Cunningham attended Choctaw County High School in Ackerman, Mississippi, where he played four years of high school football. As a junior, he had 48 receptions for 1,138 yards and 14 touchdowns, breaking the school records for most receptions and receiving yards in a single season. As a senior, Cunningham recorded 43 catches, 877 receiving yards, 123 rushing yards, and 14 total touchdowns. He helped the Chargers compile a 14–1 record and win their first Mississippi High School Activities Association state championship, catching a touchdown pass in a 34–27 win over a Kamario Taylor-led Noxubee County High School in the Class 3A title game. Cunningham was selected to the Mississippi roster for the 38th annual Mississippi/Alabama All-Star Classic (though he did not play due to injury) and was named to the 2024 Clarion Ledger Dandy Dozen. He was also a two-time first-team Class 3A all-state selection by both the Clarion Ledger and the Mississippi Association of Coaches.

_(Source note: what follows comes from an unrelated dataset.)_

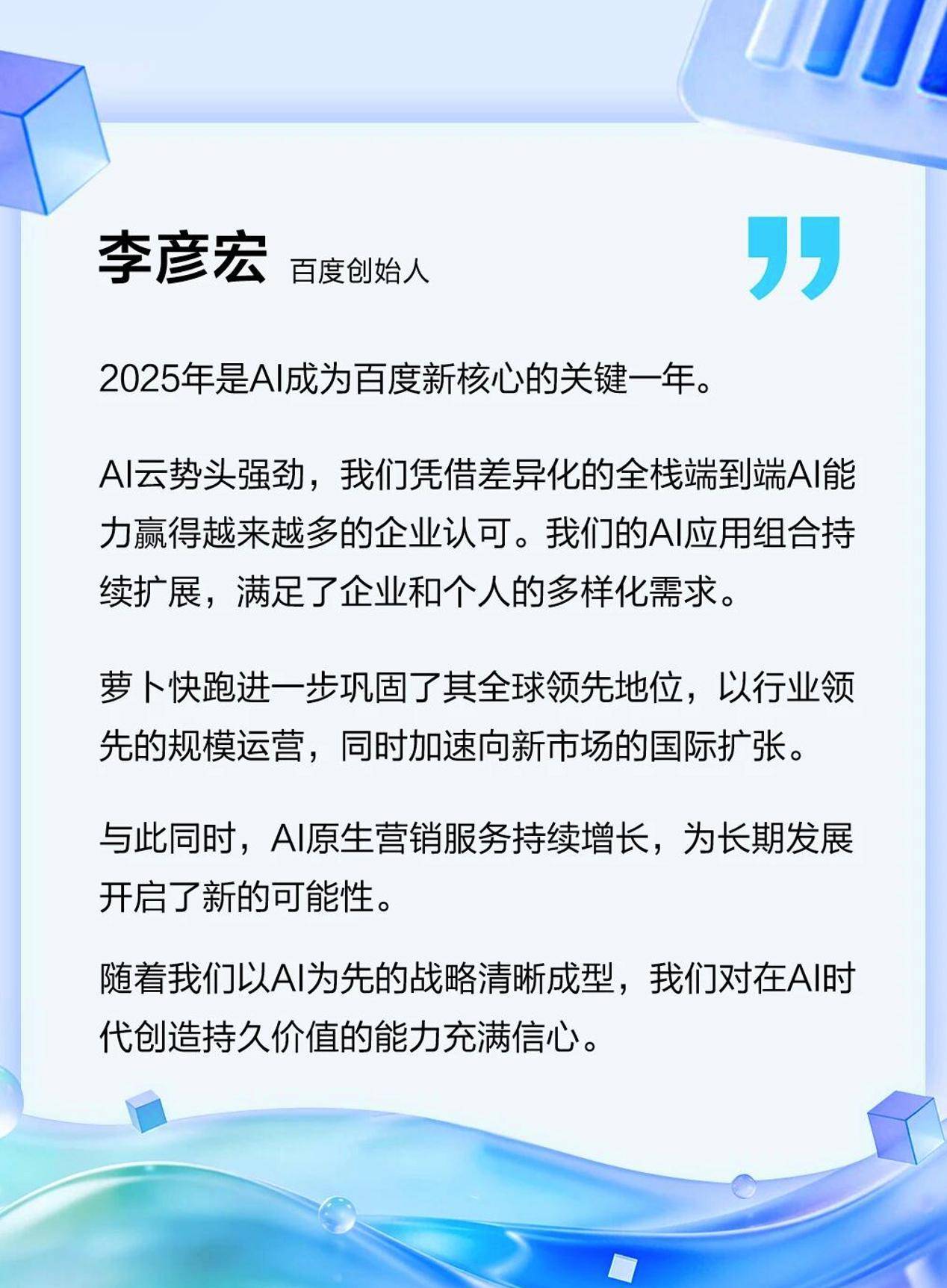 “2025年是AI成为百度新核心的关键一年。AI云势头强劲,我们凭借差异化的全栈端到端AI能力赢得越来越多的企业认可。我们的AI应用组合持续扩展,满足了企业和个人的多样化需求。萝卜快跑进一步巩固了其全球领先地位,以行业领先的规模运营,同时加速向新市场的国际扩张。与此同时,AI原生营销服务持续增长,为长期发展开启了新的可能性。”百度创始人李彦宏表示,“随着我们以AI为先的战略清晰成型,我们对在AI时代创造持久价值的能力充满信心。”

Cunningham was a multi-sport athlete at Choctaw County. He scored over 1,500 career points and was named the Starkville Daily News All-Area Basketball Player of the Year as a junior. Cunningham also participated in track and field. He was a Mississippi 2A state qualifier in the triple jump and the long jump as a sophomore.

===Recruiting===
Cunningham was rated as a consensus four-star recruit. He was also ranked as a consensus top-60 prospect nationally in the class of 2025. In January 2024, Cunningham reduced the list of his college offers down to his top 12 choices. In June, he narrowed it down to his top six choices: Alabama, Auburn, Florida, Mississippi State, Ole Miss, and Tennessee. On July 13, Cunningham committed to playing college football for the Alabama Crimson Tide. Following Alabama's upset loss to Vanderbilt that season, he said it "really shocked the crap out of [him]". On November 13, Cunningham flipped his commitment to the Ole Miss Rebels, remaining in his home state. He signed with the Rebels the following month.

==College career==
As a freshman in 2025, Cunningham played three games and had one reception for 19 yards, preserving his redshirt. His season was limited by injuries. Heading into the 2026 season, Cunningham competed for a backup role in a crowded wide receivers group.

==Personal life==
Cunningham is from Weir, Mississippi.